Literature review shows the great potential that emotional intelligence can provide in the field of management and leadership. It shows the importance and role of emotional intelligence in the long-term good interpersonal relationships within organizations which increase creativity, solving problems and helps influence the overall profitability and success of an organization. Analysis of emotional intelligence's impact to overall success of manager indicates relevant facts and benefits that an organization can accomplish if recognize the importance of managers' emotional intelligence and put its development through various trainings and workshops for one of its priority strategic objectives.

The main purpose of this paper is to complement the existing research on emotional intelligence and management with the research in a field of project management. Theoretical considerations discussed potential emotional intelligence's impact of on project managers' success through literature review on concept and dimensions of emotional intelligence, numbered empirical studies and leadership theories. Research on a field empirically supported these theoretical considerations. Research examines existence of positive correlation between project manager's emotional intelligence and their business success and educational level through two hypotheses: first, there is a positive correlation between project managers' emotional intelligence and their business success (position in organizational hierarchy) and second, there is a positive correlation between project managers' emotional intelligence and their educational level. Methodology, findings and discussion of the research can be found in the fourth chapter of the paper.

2. Dimensions of project managers' emotional intelligence

Theoretical considerations on correlation between emotional intelligence and managers' success started with research on essential success factors by McClelland back in 1973. Complementing those acknowledgements, Goleman in 1998 in his article published by Harvard Business Review put spotlight on importance of emotional intelligence in business success. Based on research what skills have the

greatest impact on achieving the best results for 181 job positions within 121 different organizations, Goleman (1998) concluded that even 67% of the skills considered necessary for success in business are based on emotional skills. That same year McClelland conducted a study to identify characteristics that distinguishes top and average managers. Conducted test within 30 different companies showed that difference between best and average managers lies in the following characteristics: desire for accomplishment, development of other individuals, adaptability, influence, self-confidence and leadership. The only singled out cognitive characteristic was analytical thinking ability (McClelland, 1998). Similar research on achieving the excellence at work by Chen et al. (1998) came out with conclusion that emotional skills (with 53%) have proven to be twice more important for business performance than the intellect and technical skills (with 27%). The other studies also confirmed that emotionally competent employees have better business performances over employees with only high cognitive capacities (Seligman, 1990; Spencer & Spencer, 1993; McClelland, 1999).

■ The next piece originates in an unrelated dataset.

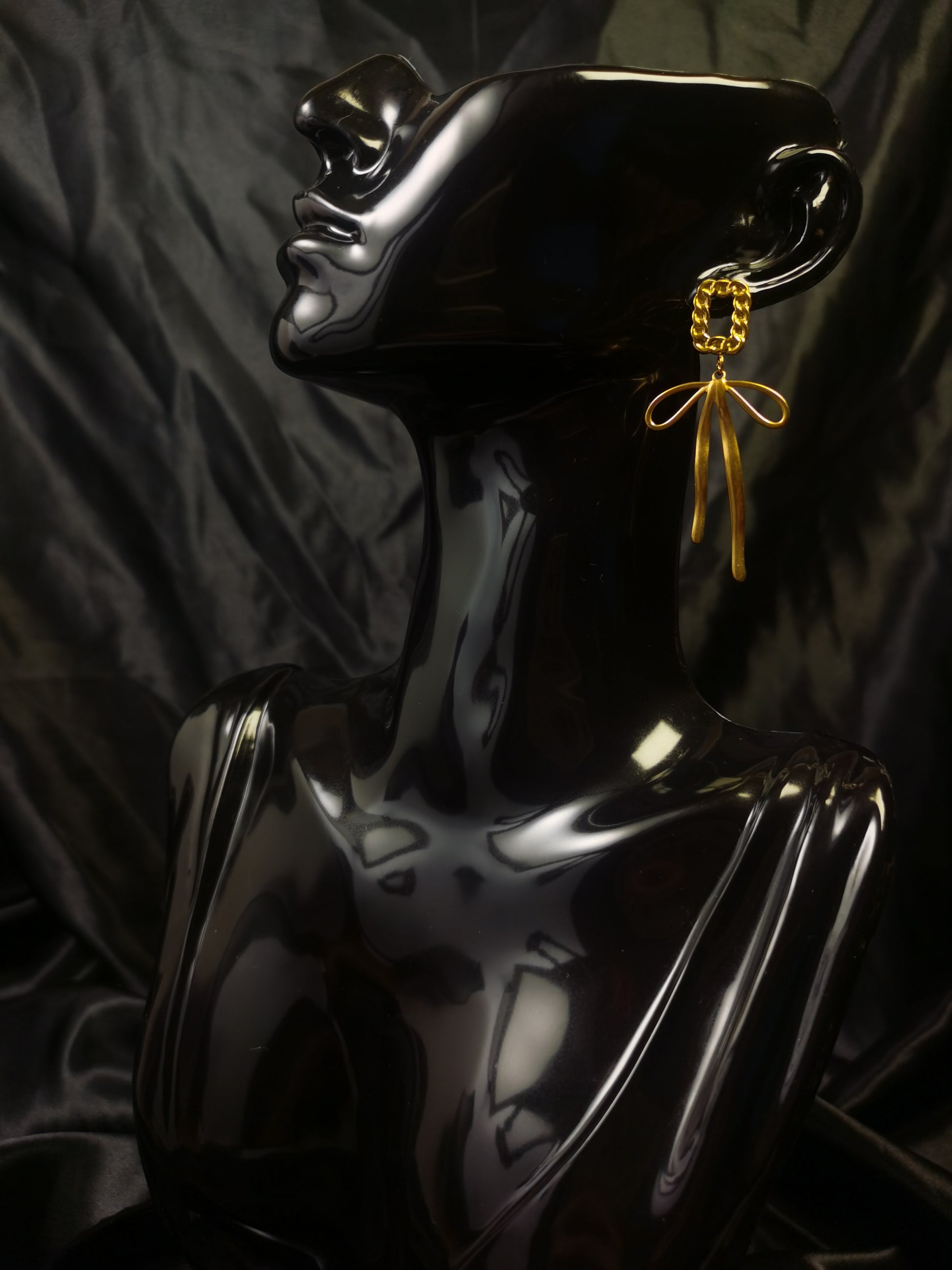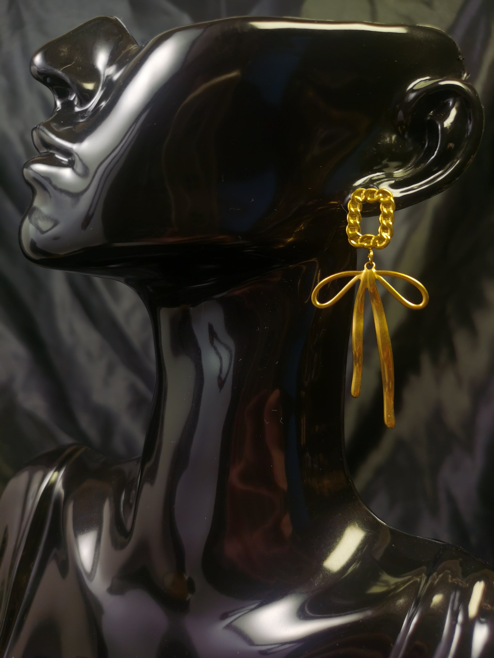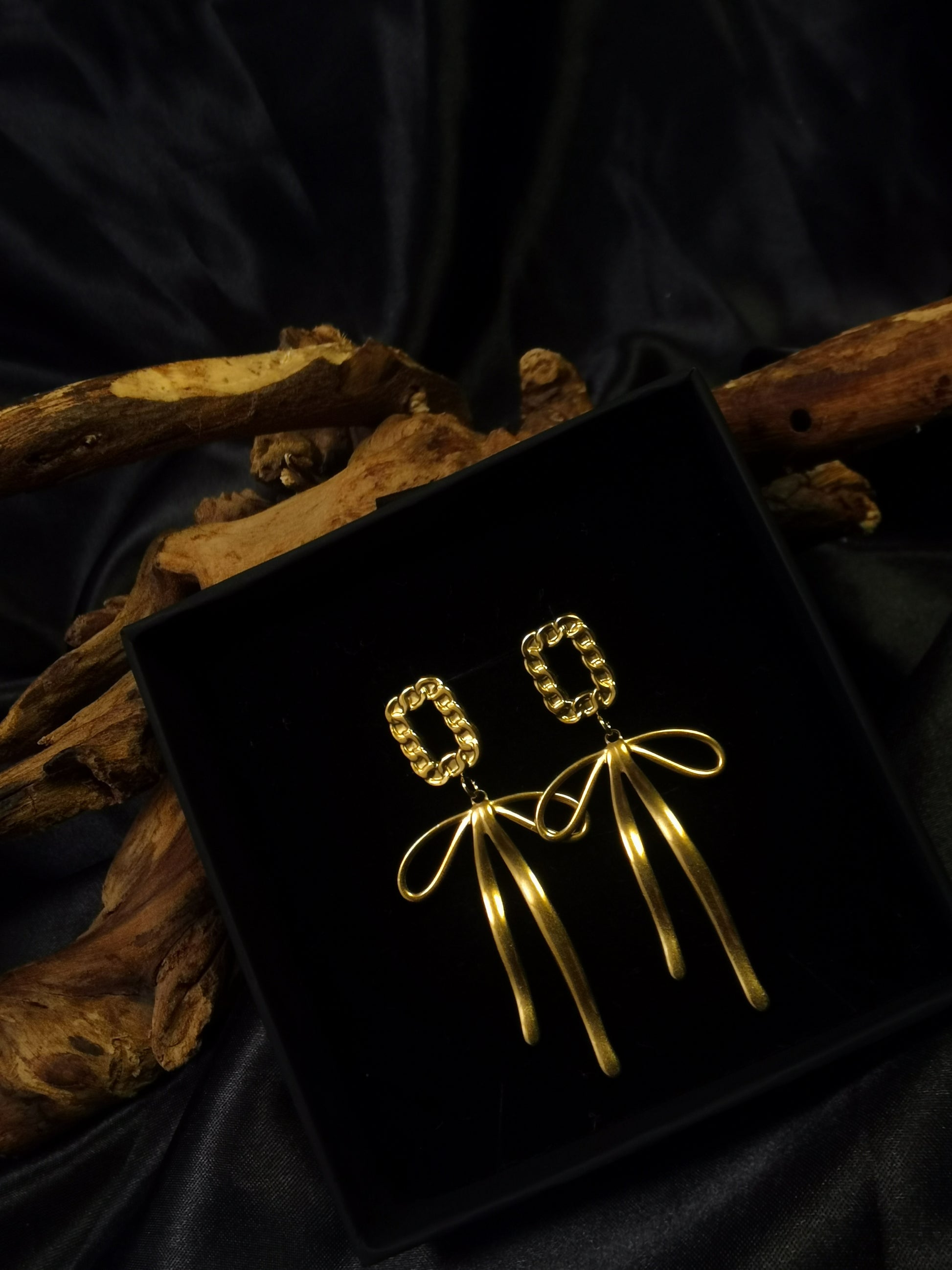 Cuban Square Earrings 18k gold-plated Titanium Steel Bow knot belt GMJE19

Expanding Salvoley and Mayer's model of cognitive abilities from 1990's and summing up the former knowledge of so-called soft skills, Goleman (2001) has offered an integrated matrix concept with twenty emotional competencies. He classified them in four dimensions - self-awareness, self regulation, social self-consciousness and relationship management. These four dimensions can be divided in two main groups: personal competence (self management) and social competence (managing others). To fully understand the research presented in this paper it is essential to be aware of all four mentioned dimensions.

Self-awareness is related to emotional self-conscious which means that excellent project managers are aware of own strengths and weaknesses and understand their emotions. They are aware of emotions' influence on their perceptions and decision-making process, but also on other team members. Self-awareness of own emotions is prerequisite for guidance and control of project team. Excellent project managers have ability of precise self-assessments and high self-esteem that comes from self-respect that allows leaders to be real leaders.

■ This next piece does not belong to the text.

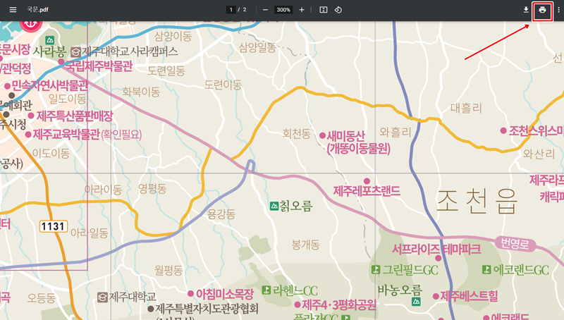 5. 지도의 내용을 충분히 확인했다면, 이제 인쇄를 준비할 차례입니다. 화면 오른쪽 위에 보이는 여러 아이콘 중에서 프린터 모양의 아이콘을 찾아서 눌러주세요.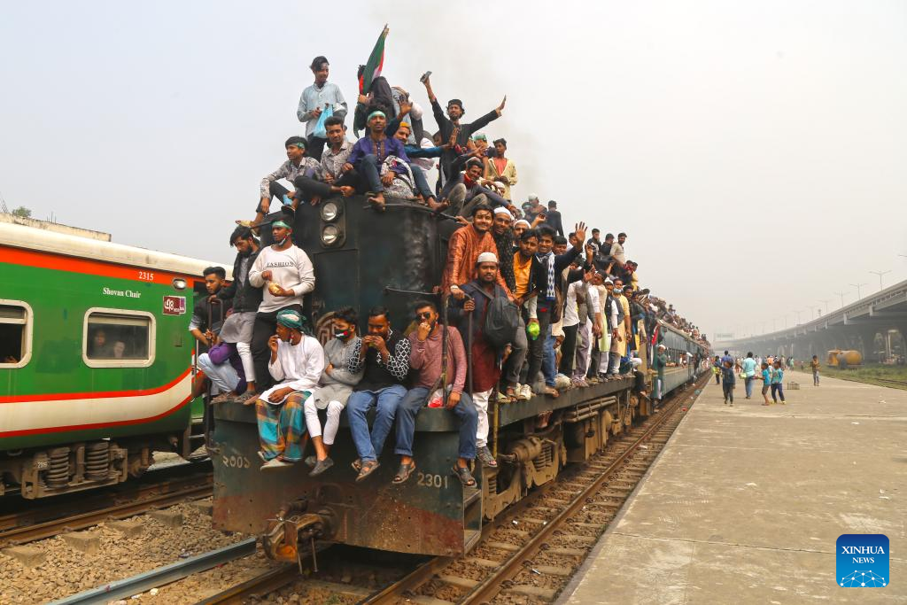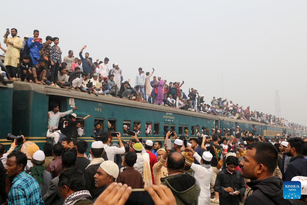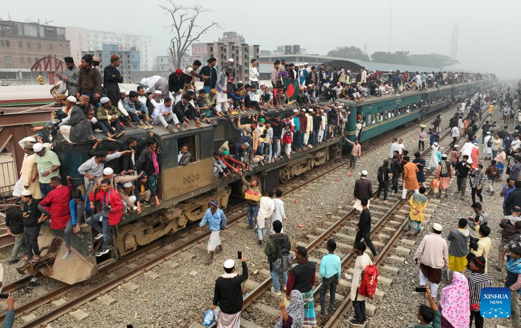 Devotees climb on an overcrowded train to return home after attending the annual Muslim congregation Bishwa Ijtema in Tongi on the outskirts of the Bangladeshi capital Dhaka, Feb. 2, 2025. (Xinhua)

Management of emotions in a way that does not prevent but rather makes easier performing tasks required self-management (self-regulation - the second dimension). Project managers with self-regulation ability show an emotional maturity reflected in high-capacity assessment and emotional control. They are highly flexible in dealing with changing situations or obstacles what is hardly rare case in project management especially in today's dynamic world. They are self-initiative, proactive and focused on success. Excellent project managers are aware of constant need for improvement and development. Modern business requires permanent change management. Managing changes involves open consistency, which refers to the value of emotions and behavior, and optimism - a positive view of the world, the future, everyday life etc.

Social self-awareness is important for making emotional contact with other people, as well as self-awareness is necessary for self-regulation. For project managers social self-awareness is important to be able to understand and guide the project team in order to achieve best results. Besides being empathic, project managers should be attentive. They must be capable of recognizing and satisfying team members and clients needs. Finally, they must be aware and be capable of recognizing political relations in organization.

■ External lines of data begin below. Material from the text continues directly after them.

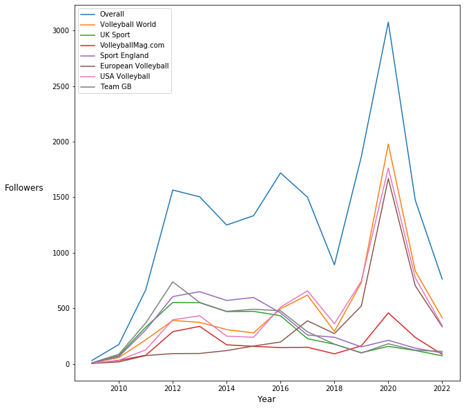 - Currently you have just under 18,000 Twitter followers. We recommend developing a social media strategy for increasing the number of new followers every year at a higher level than the existing trend. Research to identify the range of Twitter accounts followed by people who would be ideal followers of Volleyball England should be undertaken and a programme put in place to encourage them to follow you.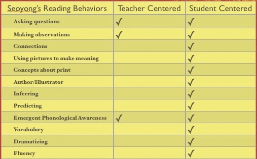 After every warm up reading, I strategically placed a new read aloud on the table. The novelty of a new story to enjoy was very attractive and I could count on Seoyoung to select this book for me to read aloud. We would take our time during the interactive read aloud, building upon the rich meaning making she exhibited and exploring new terms that emerged from the text.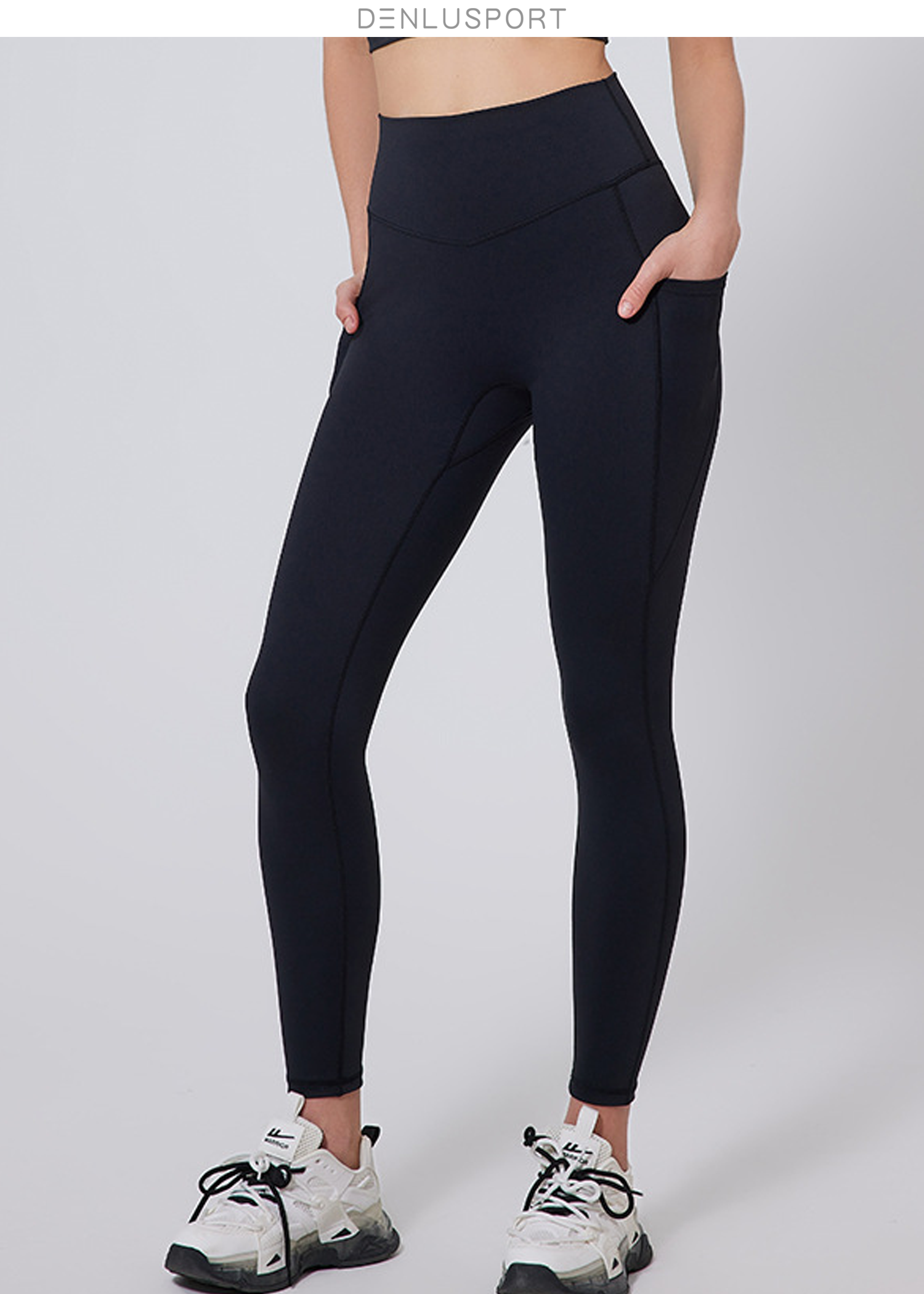 跨境原单双面磨毛高腰提臀瑜伽健身裤双测口袋设计时尚休闲DK95082

Relationship management's emotional skills enable project managers to quickly earn respect and trust among team members. These emotional skills of relationship management are good communication skills, listening and reassurance ability. Relationship management is extremely important competency for project managers. One more aspect of efficient management refers to inspiring and guiding team members. In this way project managers help team members in their self-motivation and achievement of maximum efforts. It is very important for project managers to assist their team members in training. We have already mentioned the importance of good guidance and change management. John Kotter in his

book writes about change management and its extraordinary importance today (Kotter, 1996). "Emotionally intelligent managers successfully manage conflicts within the organization. They succeed to understand different opinions, emotions and affections of conflicting parties and finds common ground on which the conflicting parties are in agree. These managers direct the energy of the conflicting parties towards a common ideal. Managers capable of teamwork create flexible, friendly and collegial atmosphere. They elicit among employees preference for team work. Successfully promote the strengthening of close interpersonal relationships of employees."

In already mentioned McClelland's study (1998) which examined the characteristics that distinguish successful from average managers it is found that there are limits to emotional competencies, and exactly these limits make difference. By McClelland (1998) this limit is exceed when an individual overcomes at least six emotional skills. On the other hand, Boyatzis (1999) relying on Goleman and McClelland research found that emotional competencies that may impact the effectiveness of leadership, must extend through all four groups of emotional competence. Still, McClelland (1998) points out that the difference between average and successful managers becomes more pronounced with mastering the number of competencies above those limits. Goleman (2001) explains that this is a case when managers dispose competencies that will enable them to act in different situations in a way that will enable achievement of desired goals. However, Boyatzis (1999) claims that among all clusters self-management have the most profound effect on achieving good business results because of its impact on other clusters.

Empirical studies in various fields showed many examples that also suggest Goleman's concept. For example, researchers at Charles Sturt University studied the correlation between marketing-oriented relationships and emotional intelligence. Proposed hypothesis were: H1- Relationship managers' emotional intelligence is positively associated with their financial performance and H2 - Bank managers' emotional intelligence is positively associated with their branches financial performance. The results showed significant positive correlation between emotional intelligence and managers' performances (Heffernan et al., 2005).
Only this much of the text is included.